- [Required action]
Copy the lines below exactly, starting with the first and finishing with the one holding "rootは、これまで以上に会"; do not copy the pictures.

- [Data extract]
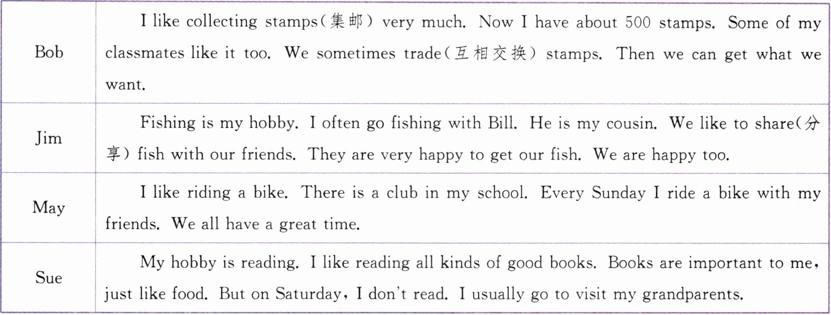 3. C 解析:根据表格第三栏中“Every Sunday I ride a bike with my friends.”可知,May 每周日和她的朋友们骑自行车。
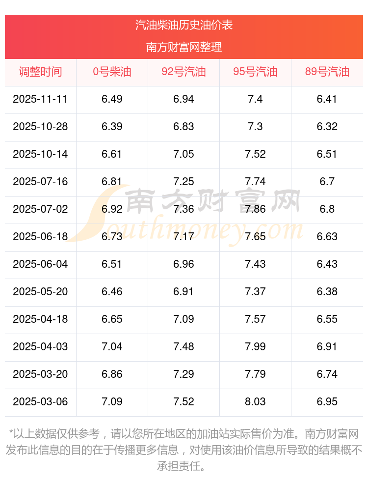 2025年汽油柴油油價調(diào)整一覽表
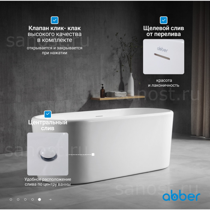 Акриловая ванна ABBER AB9272-1.7 белая универсальная отдельностоящая, материал акрил, объём 230 литров. Германия. Гарантия 10 лет.
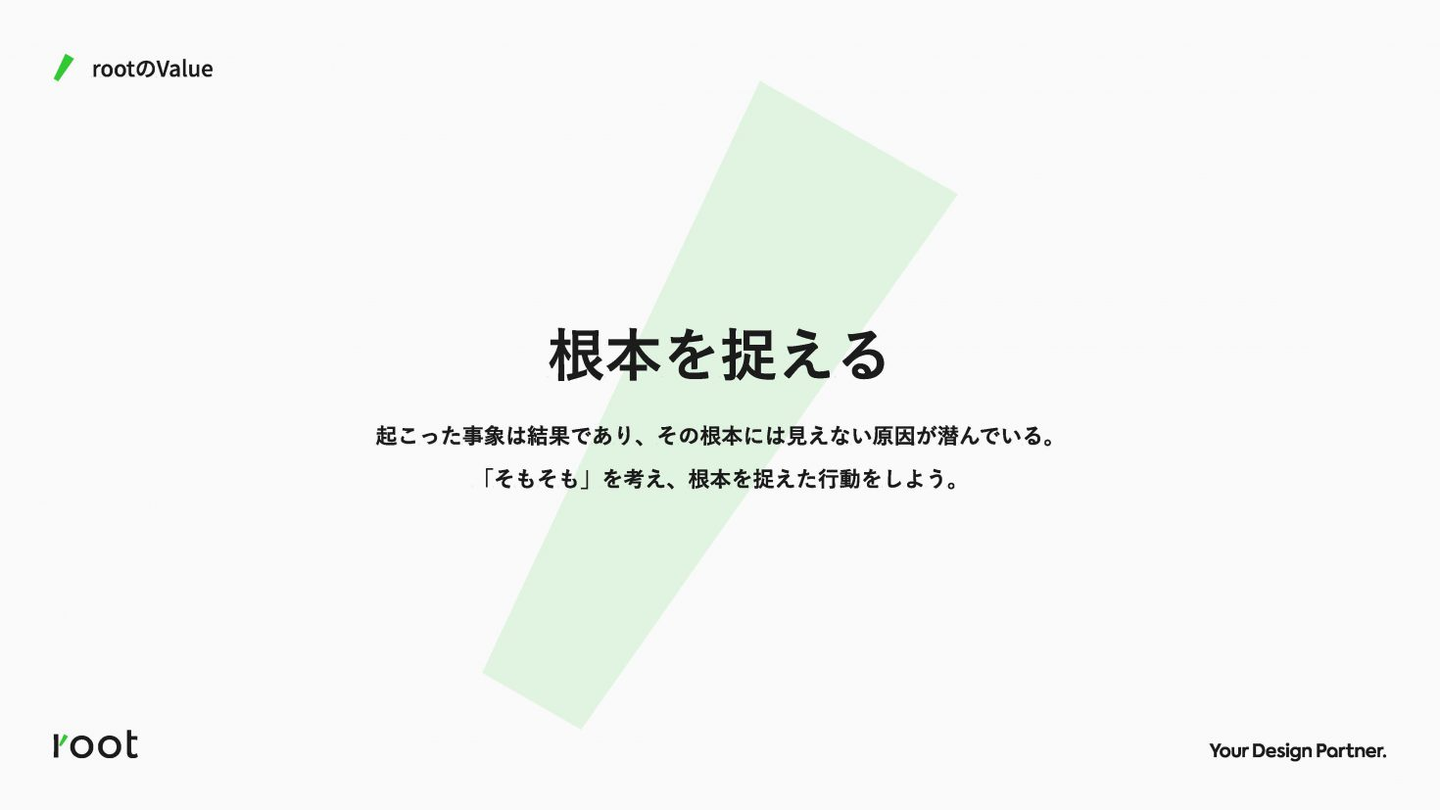 rootは、これまで以上に会社として、組織として活動していくフェーズに突入しました。これまでの取り組みを強化し、より多くのクライアントに対して、デザインを通じて事業成長を支援するために、root自体も成長しなければなりません、フィロソフィーの刷新は新たなスタートラインに立ったにすぎません。
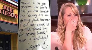جاءت بالطلبين وتناولاٰهما بنهم، وقبل أن يغادرا طلبا من النادلة الفاتورة. فعادت إليهما ومعها ورقة داخل المحفظة الخاصة بالفواتير كتبت فيها ما معناه: "دفعت فاتورتكما من حسابي الشخصي مراعاة لظروفكما. وهذا مبلغ مائة دولار هدية مني وهذا أقل شيء أقوم به تجاهكما. شكرا للطفكما. التوقيع سارة".
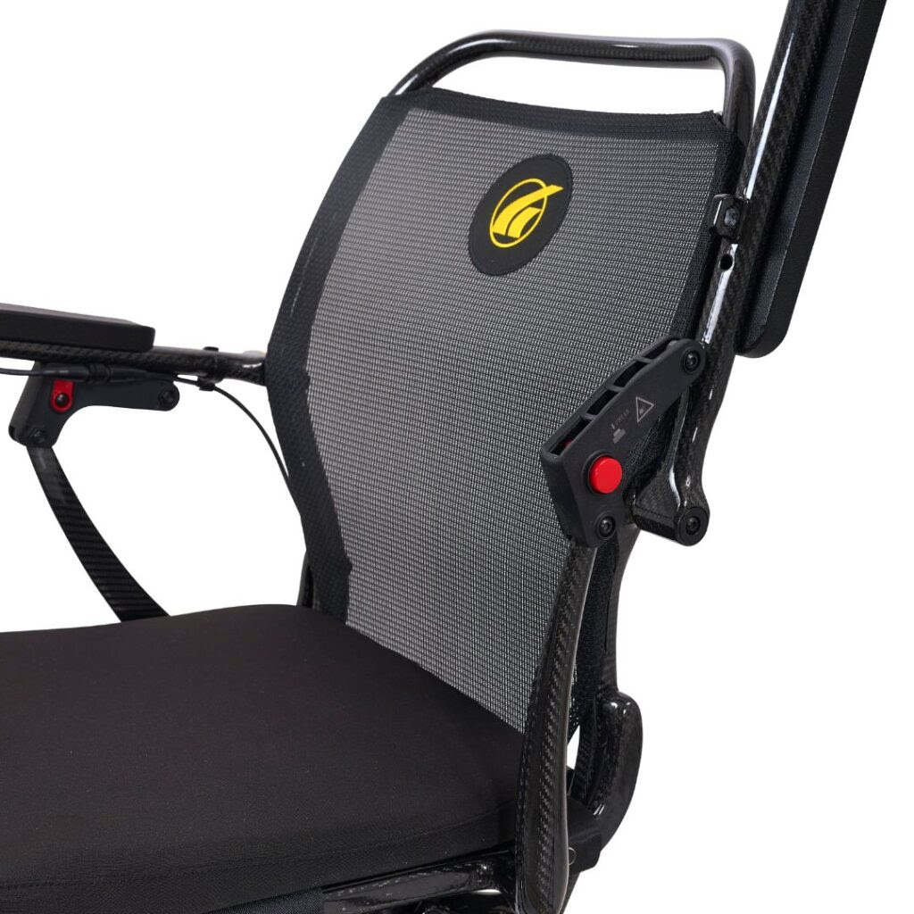 The Cricket Power Wheelchair is stylish, agile, and extremely portable. Crafted with an incredibly strong yet lightweight 100% carbon fiber frame, the Cricket weighs as light as 33 lbs. making travel a breeze! The slim sporty design is perfect for navigating indoors and out while sightseeing, shopping, or dining.
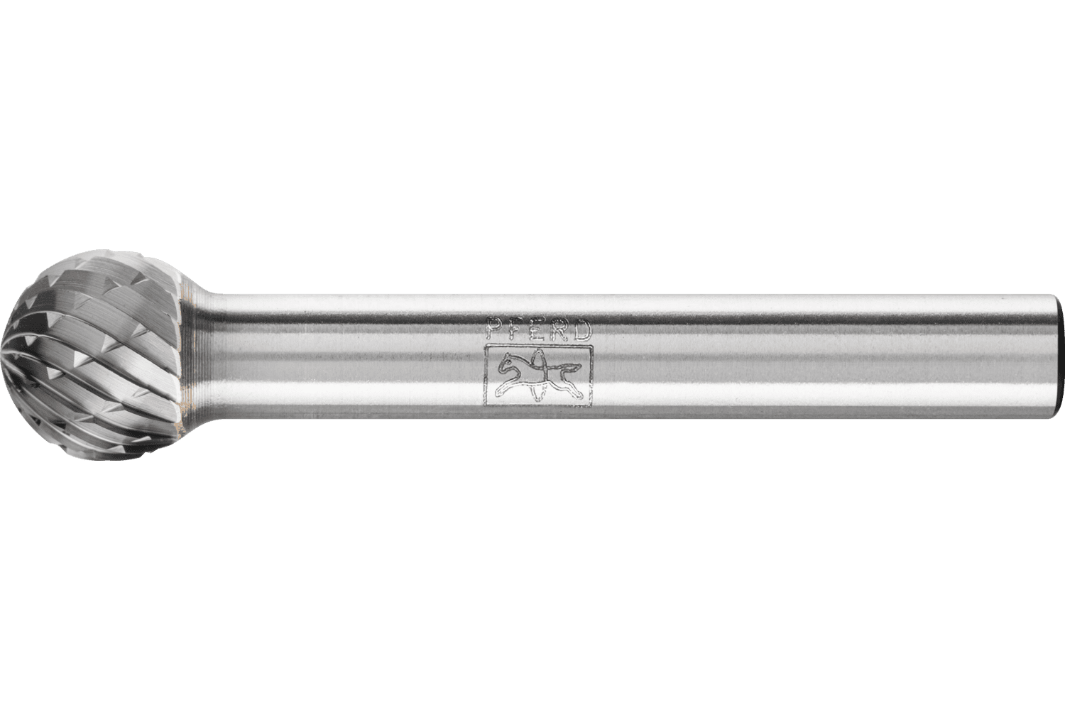 Cut 3 PLUS is cross cut and especially well-suited to machining of cast iron, steel, stainless steel (INOX), nickel-based alloys and titanium alloys. It is characterized by its high stock removal rate. Tungsten carbide burrs for general applications are suitable for fine and coarse stock removal on the key materials used in industrial manufacturing. They provide a good stock removal rate and are not specific to a particular material. Ball-shaped burr according to DIN 8032 with cut conforming to DIN 8033.
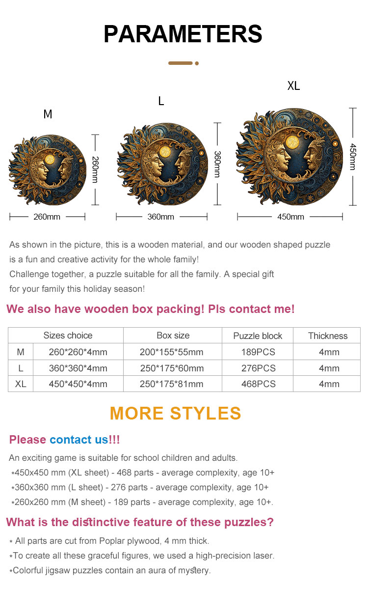 Crafted with quality, care, and sustainability in mind, the Sun and Moon Wooden Jigsaw Puzzle brings art, meditation, and eco-conscious living together—one piece at a time.
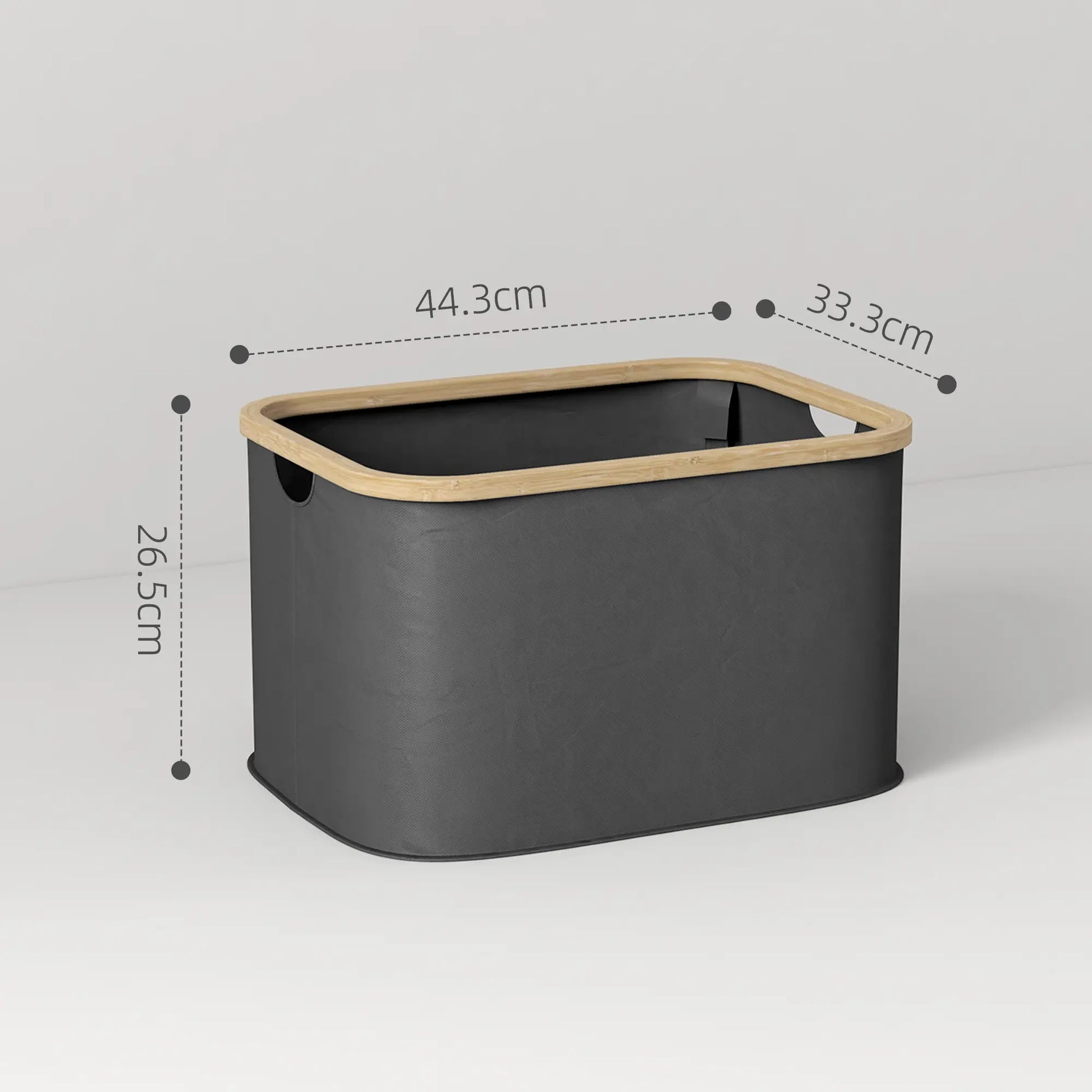 HOMCOM 36L Foldable Laundry Basket, with Bamboo Top Portable and Foldable - Black
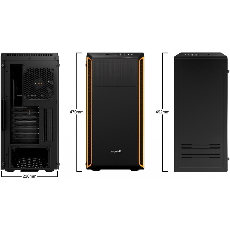 "be quiet! Pure Base 600 Window. Form factor: Midi Tower, Type: PC, Product colour: Black, Orange. Power supply location: Bottom, Supported power supply form factors: ATX. Front fans installed: 1x 140 mm, Front fans diameters supported: 120,140 mm, Rear fans installed: 1x 120 mm. Supported HDD sizes: 2.5,3.5"". Width: 220 mm, Depth: 492 mm, Height: 470 mm"\n"Exceptionally silent and functional
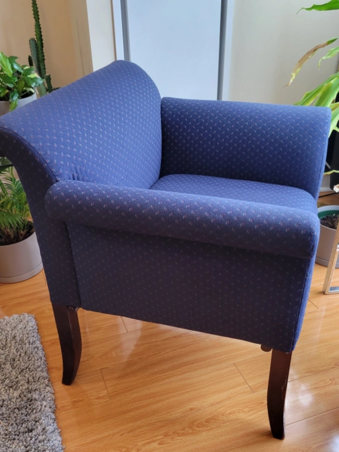 Some scuffs and nicks on the legs. Fabric on seat of chair slightly discoloured from sun exposure near window (can see in the photo). Can throw in 2 throw pillows if wanted.

- [Problem solution]
 3. C 解析:根据表格第三栏中“Every Sunday I ride a bike with my friends.”可知,May 每周日和她的朋友们骑自行车。
 2025年汽油柴油油價調(diào)整一覽表
 Акриловая ванна ABBER AB9272-1.7 белая универсальная отдельностоящая, материал акрил, объём 230 литров. Германия. Гарантия 10 лет.
 rootは、これまで以上に会社として、組織として活動していくフェーズに突入しました。これまでの取り組みを強化し、より多くのクライアントに対して、デザインを通じて事業成長を支援するために、root自体も成長しなければなりません、フィロソフィーの刷新は新たなスタートラインに立ったにすぎません。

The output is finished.